Тогда я углублялась в рощу, где еще шелестели опавшие листья; спускалась до самой Эрдры, уже илистой
и вздутой. Если шел дождь, я запиралась в своей комнате, уткнувшись носом в вечное вязание, и ждала
освобождающего шума мотора, который знаменовал собой отъезд отчима и позволял мне спуститься на
цыпочках, украдкой скользнуть к маме, потягиваясь, как кошка, наконец-то вылезшая из-под кровати.
— Где ты была? Где ты была? — тявкала Берта.
Мама ничего не говорила, приподнимала одну бровь, скользила
выступающей ключицей. Я ведь похудела на два килограмма, юбки проворачивались у меня на поясе, веснушки
стали еще заметнее на коже, пестрой, как чибисово яйцо. Я едва волочила ноги. Я изнемогала. Воинственный
как никогда, плотно свернувшийся в клубок, неспособный расслабиться ежик был без сил…
* * *
Заметил ли это Морис? Не думаю: у мужчин нет чутья на такие вещи, они принимают за всплеск энергии
предельное напряжение женских нервов. Наверное, вмешался случай: он и превратил обычную субботу в ту
особенную, внешне не содержавшую значительных событий, но все же оставшуюся для меня памятным днем.

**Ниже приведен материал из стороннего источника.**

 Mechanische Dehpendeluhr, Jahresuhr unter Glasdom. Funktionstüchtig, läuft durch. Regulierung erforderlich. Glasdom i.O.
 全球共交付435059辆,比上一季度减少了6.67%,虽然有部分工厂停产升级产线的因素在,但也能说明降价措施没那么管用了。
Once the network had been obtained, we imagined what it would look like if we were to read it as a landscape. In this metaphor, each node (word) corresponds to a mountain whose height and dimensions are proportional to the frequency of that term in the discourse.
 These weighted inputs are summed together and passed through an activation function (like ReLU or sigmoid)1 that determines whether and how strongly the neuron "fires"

В тот день, потрясая серпом и косой, прибыли два поденщика, которых Морис тотчас отправил в рощу.
Прижавшись носом к стеклу, я издали смотрела на то, как они косят дикую траву и вырезают ежевичник. Я
была вне себя. Так значит, мало того, что чужак втерся в нашу семью, он еще и уродует Залуку. Эти заросли с
ужами, эти травяные кочки, изрытые норками, эти кусты, полные старых гнезд, устланных пометом, эти ложные
тропки вокруг каждого куста бузины — с самого детства меня окружал их успокаивающий беспорядок, буйный,
беспрестанно обновляющийся хаос, спускающийся по холму до самого болота, где эстафету принимали
кувшинки, стрелолист и камыши. Этой литовкой мне подкосили ноги. Вскоре я не выдержала и, подобрав
волосы под косынку, завязанную под подбородком, бросилась в парк.

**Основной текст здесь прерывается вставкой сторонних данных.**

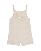 A cotton crochet romper with adjustable straps and handmade flower appliqués.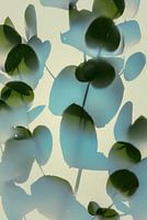 Ze liggen op een opgespannen vel kalkpapier. En omdat dat papier makkelijk licht doorlaat zie je deels ook de kleuren van de bladeren en deels zie je ook de lucht.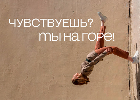 Использование вопросительного месседжа "чувствуешь? ты на горе!" формирует эмоциональный отклик у аудитории за счет личного обращения и создания ассоциативного ряда, подкрепленного визуальными образами.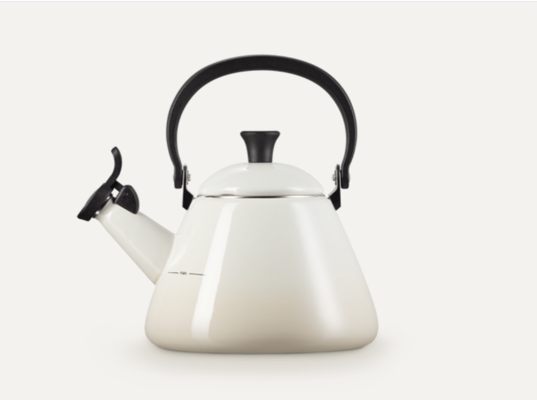 Le Creuset Vattenkittel Kone 1.6L Meringue med vissla är en klassisk, emaljerad stålkittel som kan användas på alla värmekällor inklusive induktion. Vattenkitteln har en stor botten som ger bra kontakt med värmekällan vilket ger en effektiv uppvärmning av vattnet. Vid användning på induktionshäll är den sladdlösa vattenkitteln faktiskt lika effektiv som en elektrisk vattenkokare. Vattenkitteln Kone har ett värmebeständigt handtag och en fast vissla som är lätt att öppna när vattnet ska hällas upp. Vattenkitteln rymmer 1,6 l vatten och den maximala vattenkapaciteten är markerad på sidan av kitteln för att undvika överkokning.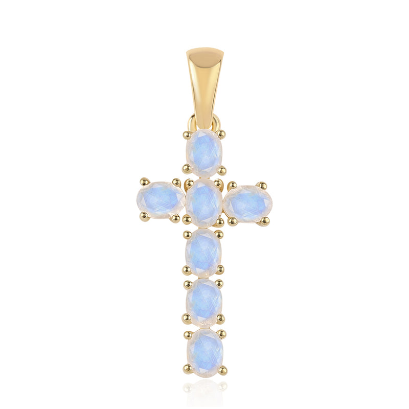 Kereszt Arannyal Bevont Ezüst Medál "AA" Osztályú Szivárvány Holdkővel

Зачем? До сих пор не знаю. В любом случае мне не хватило бы дерзости отправить рабочих восвояси. Но
Морис, наверное, так не думал или же, видя, что все собрались в гостиной, решил воспользоваться случаем для
разговора наедине. Как бы там ни было, бросив досье, которое он привез из Нанта, чтобы поработать в
выходные, он тоже вышел, крикнув:
— Изабель, подождите меня.
Не оборачиваясь, я ускорила шаг, уклоняясь влево, чтобы обойти поляну, понемногу расширяемую
поденщиками. Затем я побежала, или, скорее, принялась скакать с места на место, продираясь сквозь ветки.
Позади более тяжелый красавец Морис увязал в хлюпающем мху. Уверенный в том, что догонит меня, он
только увеличивал шаги, делая вид, будто мы с ним вместе прогуливаемся. Под большим каштаном, усеявшим
землю своими растрескавшимися скорлупками, он наконец поравнялся со мной и строго сказал:
— Каштаны пропадают зря! А их тут по меньшей мере мешок наберется.